Big big bastard of a rocket-shaped, phalliform, what? Behemoth, my pride and joy, a man-sized rocket, or at least a man-long rocket, or just a man long length of araldited cresta bottles, satisfied everyone predictions and disappointed my private hopes, my hopes of Behemoth, big big Behemoth blasting skywards, big big Behemoth bee-lining starwards, big Behemoth being a rocket. Behemoth was an eight cresta bottle long hs rocket, five bottles for a body, two for a skirt and one to support the paracute and nose cone. There was nothing clever about the parachute, the cone was to fall off the parachute to fall out and fill, since then I have discovered Magi-cube flashbulbs and I am working on the legendary inertial lever. On Saturday night, in Sean's back garden, at Martin's meal do, we filled Behemoth with four and a half liters of water and hs and then blew it to fragments. A dramatic explosion, a worthy end, but oh, my big baby, my Behemoth.
The meal followed and was a success, never have any of us eaten so well.
The experiments in night rocket photography were, like Behemoth, and here I say it, a failure.
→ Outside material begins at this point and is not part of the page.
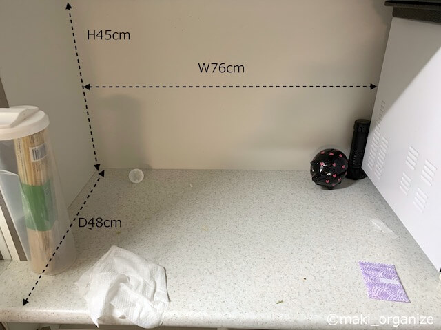 サイゾーウーマン暮らし住まい800円で狭小キッチンに“収納ラック” 暮らし [連載]30代女子の「煩悩部屋」ビフォーアフター ダイソーとイケアのラックで解決! 800円で狭小キッチンボードに“収納ラック”を作るプロのワザ 2021/11/01 19:30 伊藤まき(収納ライター) 「汚部屋」ビフォーアフター 空間を「二分割」で解決! [ポイント]奥行きが深い空間は「二分割」にすると便利! なぜか貯金箱と衛生用品がひょっこり……(C)maki_organize カウンター上にあったモノを収納、移動した後です。写真上のように、「奥行き」と「高さ」が45cm以上ある場合は、空間を「二分割」に使います。 この空間を無駄なく活用するために必要なのは、「コの字ラック」と呼ばれる棚です。これを使えば、「手前と奥」「上段と下段」に空間を分けることができます。 [使用アイテム]高さ調節も簡単! ダイソー「ジョイントラック」 H45×D48cmの空間から、約半分のサイズを用意(C)maki_organize おすすめは、ダイソー「ジョイントラック」です。「コの字ラック」に必要なパーツを揃えると、合計880円(税込、以下同/ライター調べ)です。ダイソー「ジョイントラック」の棚板は、5種類のサイズが揃います。置きたいモノのサイズを先に考えてから、組み合わせを決めましょう。 [1]W30cm×D15cm(110円) [2]W30cm×D30cm(330円) [3]W40cm×D25cm (330円)* [4]W45cm×D20cm(330円)←今回のチョイス [5]W45cm×D25cm (330円)* *転び止めタイプ凹も有り [After.1]予算800円の「コの字ラック」でスッキリ! 毎日使うモノは、出しておくと便利(C)maki_organize カウンター上(オーブンレンジの横)に、ダイソー「ジョイントラック」を設置して「サプリとドリンクの収納棚」を用意しました。下段に、子どものミルクと大人のプロテインをセット。上段は、健康を管理するサプリをまとめました。 [ポイント]快適な出し入れを作るコツ:ラックの高さを調節するときは、「拳ひとつぶんの余白」を取ります。この余裕が、快適な出し入れと散らかり防止のコツになります。 次に、キッチンボード全体の「家事動線」との関係も確認してみましょう。 次のページ [After.2]作業スペースができた! 前のページ1234次のページ 楽天 無印良品・イケア・ニトリのマネできる! 収納アイデア 最新&決定版 関連記事 食器棚の「○○ケース」をなくして、収納力アップ! 家事効率がグングン上がるビフォー・アフター実例集食器棚で「やってはいけないNG収納」5連発! 使いにくくて、散らかりやすい……プロが片付けした結果、こうなったキッチン「引き出し収納」劇的ビフォーアフター12連発! 整理収納のプロが手直しすると、どう変わる?ニトリ・無印良品・100均よりコスパ最強な理由! プロが選ぶ【コーナン】5段ケースで、キッチンクローゼットがスッキリワッツ「のせのせストッカー」で激安スッキリ! 棚のデッドスペース、仕切りがない空間を100均で解決

The idea, let me explain, is simple one, on a recant trip to visit Allie and John, Jenny and I noticed a picture on their wall of a very dark Welsh landscape across which was a meandering line of light. Apparently someone had set up a camera in the almost-to-fully dark, dark enough for a 25 minute long exposure and had someelse run, or maybe he or she him-or-her-self had run, torch bearing across the dusk-scape. We have ambitions to do something similar with rockets, that is, launch a rocket at night with a torch light and photograph its trace. James is to be our photographer, we decided to have the first try on Saturday night.
I built two 1-bottle hs rockets. One was called Con and the other Art. There were, as you might expect, so difficult to distinguish that people said Con for Art when they ment Art and Art for Con when they ment Con at least as often as they said Con for Con when they meant Con and Art for Art when they ment Art, or whatever. I also arranged to strap 2 AAA batteries and a bulb onto them.
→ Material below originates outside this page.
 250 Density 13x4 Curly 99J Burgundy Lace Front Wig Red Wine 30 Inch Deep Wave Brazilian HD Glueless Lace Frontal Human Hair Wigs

The problem was the rockets wouldn't fly. First we tried Con, or was it Art. Everything was set up and the flash bulb flasted and the hs didn't explode. We repeated this humiliation 3 times varying the amount of hs and water. Nothing, nothing, nothing; nothing^3. Finally I relised a slight, very slight, oh so slight variation in the design of the blasting cap had gloried itself in failure. Later in the week I will write my Treatise on Blasting Caps and explain my error. A fourth attempt sent either Con or Art some 9 metres into the air, sadly by then it was too dark for the required exposure and anyway the fiercesome g's developed during launch rended the batteries from the rocket and the caused the light to go out.
The only good news really is that my new sparker works. It works again despite the Beast and Bodil breaking it while applying sparks to each others bodies. It is made out of one of the sparkers you buy to light gas rings. Andy complained that it lacked the it-works-even-though-you-wouldn't-think-it quality of the cigerette lighter sparker. He thinks the heroic days of hs rocketry are over. I intend to buy a Bertha and prove him wrong.